Geologist Kerry Sieh Claims to Have Found Earth’s Last Major Impact Crater in Southern Laos
Geologist Kerry Sieh has announced his belief that he has discovered the location of Earth’s last major impact crater in southern Laos. Sieh’s interest in the missing crater began when he encountered tektites, a kind of natural glass formed during meteorite impacts, in a jewelry shop in Vietnam.
After conducting extensive research, Sieh identified a pattern of thickening deposits across a 310-mile-wide region on and around the Bolaven Plateau, which suggests a possible impact site. These deposits consist of pebble and boulder gravels, as well as tektites, indicating a land-stripping impact blast and a plume sent skyward by the meteorite strike.
While not all scientists are convinced by Sieh’s proposal, there is significant interest in conducting further research to confirm the location of the impact. Tektites provide valuable clues about the missing crater and the impact event, including evidence of widespread fire, mega-floods, and regional extinctions.

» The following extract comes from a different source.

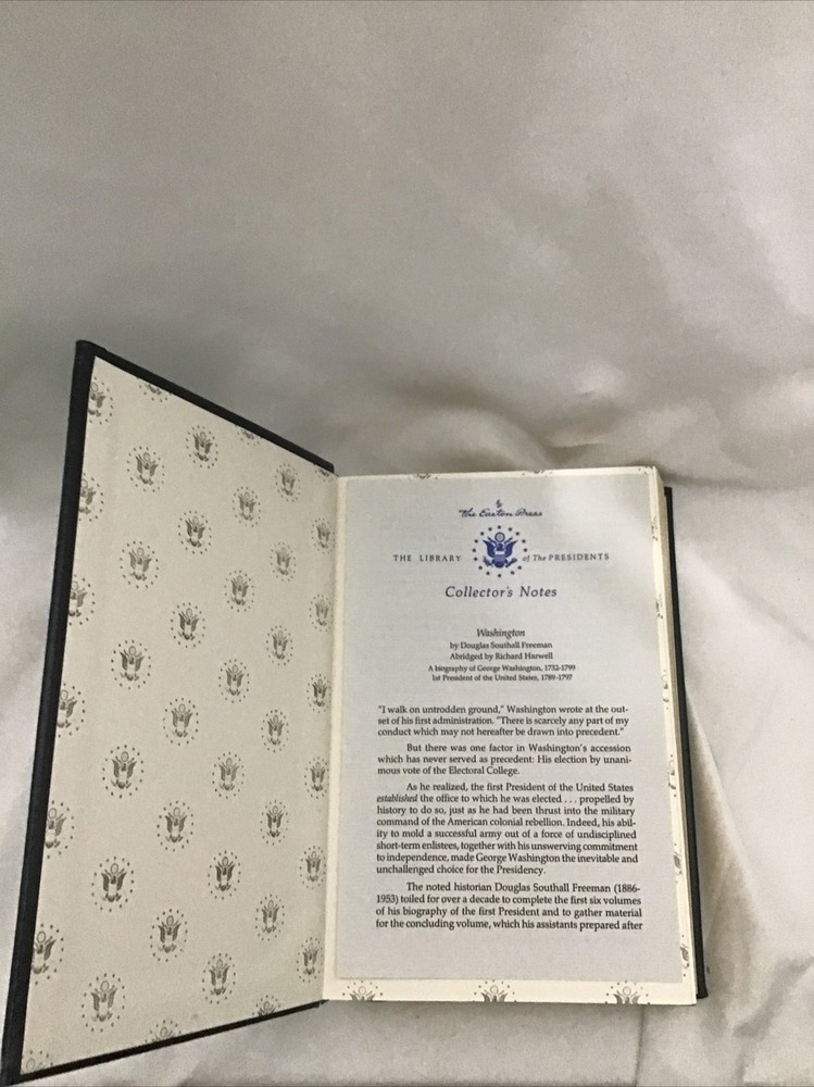 This stunning leather-bound book by Douglas Southall Freeman, titled Washington 1985, is a must-have for any presidential history enthusiast. Published by Easton Press, this book is a part of their prestigious Library of the Presidents collection, making it a rare and valuable addition to any collection. The book was printed in 1985 in English and has no modifications or personalized elements. It features a biography and autobiography of George Washington, making it a great read for anyone interested in the history of the United States. The book has a beautiful leather binding and was published in Connecticut. It is signed by the author and has special attributes that make it a collectible item. Don't miss your chance to own this rare piece of history!

Previous studies have put forth the possibility of a crater between 20 and 75 miles wide, with potential iridium concentrations pointing to a 9- to 12-mile-wide crater. Sieh’s proposal relies on layers of lava on the Bolaven Plateau burying the crater, bouldery outcrops associated with the impact blast, and gravity surveys revealing an anomaly in subsurface density.
However, critics of Sieh’s ideas question the connection between the Bolaven lavas and the tektites, offering alternative explanations. River geologist Paul Carling has voiced support for Sieh’s case and has cited a crucial sequence of tektites and ejecta deposits in northeastern Thailand, as well as the presence of shocked quartz in the deposits.
Carling’s team plans to publish their comprehensive field analysis next year, which may provide further clues to the impact’s location. Ultimately, the definitive confirmation of the impact site would require drilling deep underground to search for features such as shatter cones, shocked minerals, and melt rocks.
If a successful drill were to take place, it has the potential to lead to the discovery of fragments of the meteor itself. This would be a groundbreaking development in the field of geology and could shed significant light on Earth’s history of meteorite impacts.